I bought Molinard Patchouli blind and, honestly, it didn’t disappoint. Right out of the bottle, it’s an earthy, clean, straightforward patchouli—no sweetness or modern gimmicks. There’s an initial citrus note, like orange, that adds freshness but fades quickly. I also detect a floral touch, probably geranium, which softens the scent without losing its character. On my skin, patchouli is the star: dry, elegant, and classic. The base notes aren’t fully developed yet; I’ll need to give it more time. To me, it smells distinctly masculine without being harsh or overly vintage. Good longevity and moderate sillage; it’s an honest, well-made fragrance that stays true to its name. A no-nonsense patchouli with real personality.
I bought Molinard Patchouli blindfolded, and honestly, it didn’t disappoint.

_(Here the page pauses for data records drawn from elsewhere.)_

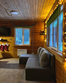 Первый этаж: кухня-гостиная, двуспальный диван, санузел. Санузел и коридор оснащены теплым полом.
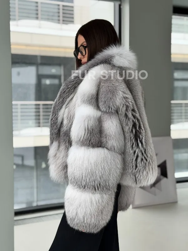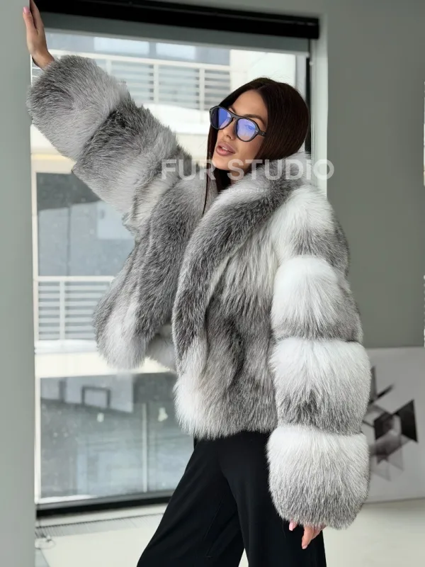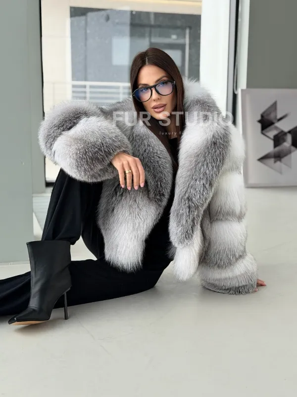 Мех данной шубы лиса, цвет белый. Предлагается в размерах от 42 до 50. Длина модели 55-60 см, что выгодно подчеркивает фигуру девушек. Эта модель идеально подойдет для девушек и женщин, предпочитающих роскошные натуральные меха.
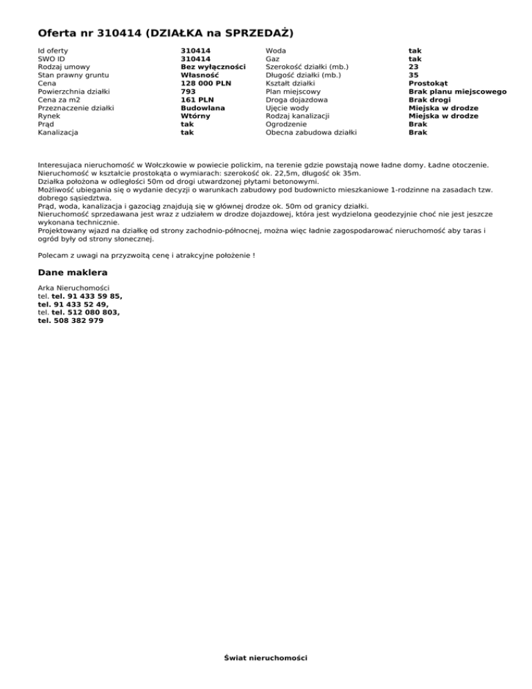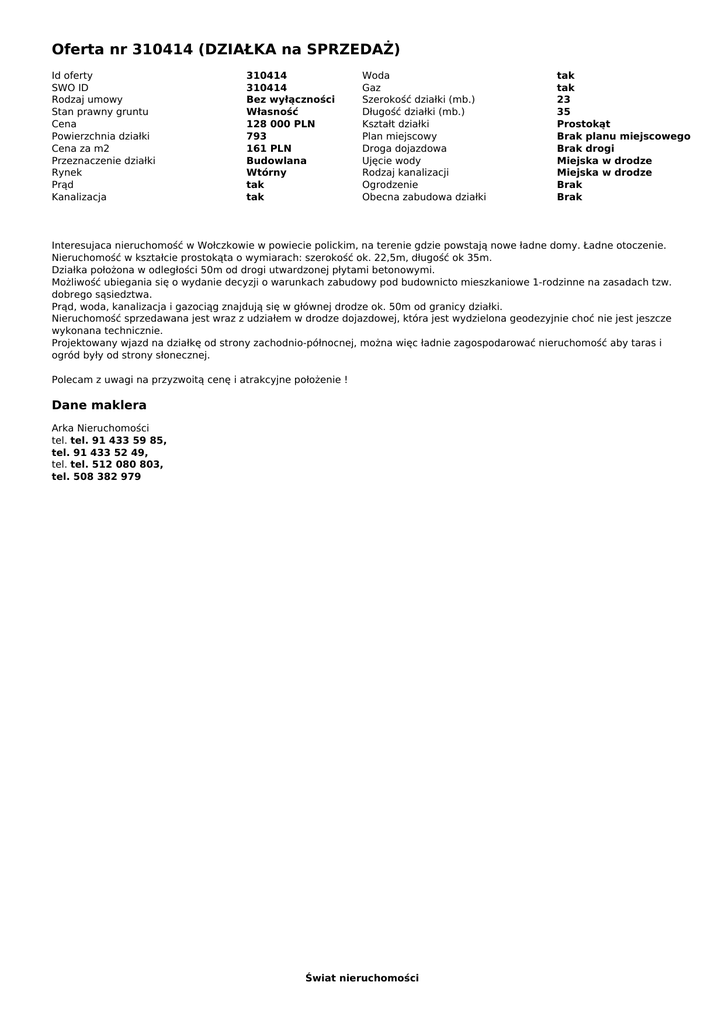 Oferta nr 310414 (DZIAŁKA na SPRZEDAŻ)
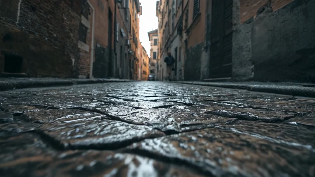 AI Generated Image. Footage showing low-angle pullback across wet cobblestone, revealing narrow historic alley and solitary walker wearing dark coat. Foreground reflecting overcast sky and streetlights, creating textured glossy surface and strong leading lines toward vanishing point. Mood conveying cinematic, moody atmosphere suitable for travel promos, tourism videos, urban lifestyle commercials, historical documentaries, and title sequence openers. Clip working well as establishing shot, B-roll, background for text overlays, social media reels, website hero banner, and atmospheric interstitial in longer edits. Technical notes: framed for 16:9, shallow depth of field emphasizing foreground texture, slow-motion playback enhancing smooth motion, color grading favoring cool tones with subtle warmth on architecture to boost depth. Usage tips: pair with ambient street sound or minimal piano for introspective tone, use as transition into city scenes or as visual hook for travel storytelling.
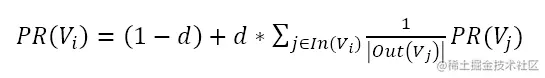 其中,PR(Vi)表示结点Vi的rank值,In(Vi)表示结点Vi的前驱结点集合,Out(Vj)表示结点Vj的后继结点集合。

Upon opening, it’s an earthy, clean, and direct patchouli, without sweetness or modernism. At first, there’s a citrus note, like orange, which gives freshness but fades quickly. There’s also a floral touch, probably geranium, which softens without losing character. On my skin, the king is the patchouli: dry, elegant, and classic. The base notes aren’t very noticeable yet; I’ll have to give it more time. To me, it clearly smells like a man, without being rough or extremely vintage. Good longevity and moderate sillage; it’s an honest, well-made fragrance that stays true to its name. A patchouli without pretensions but with personality.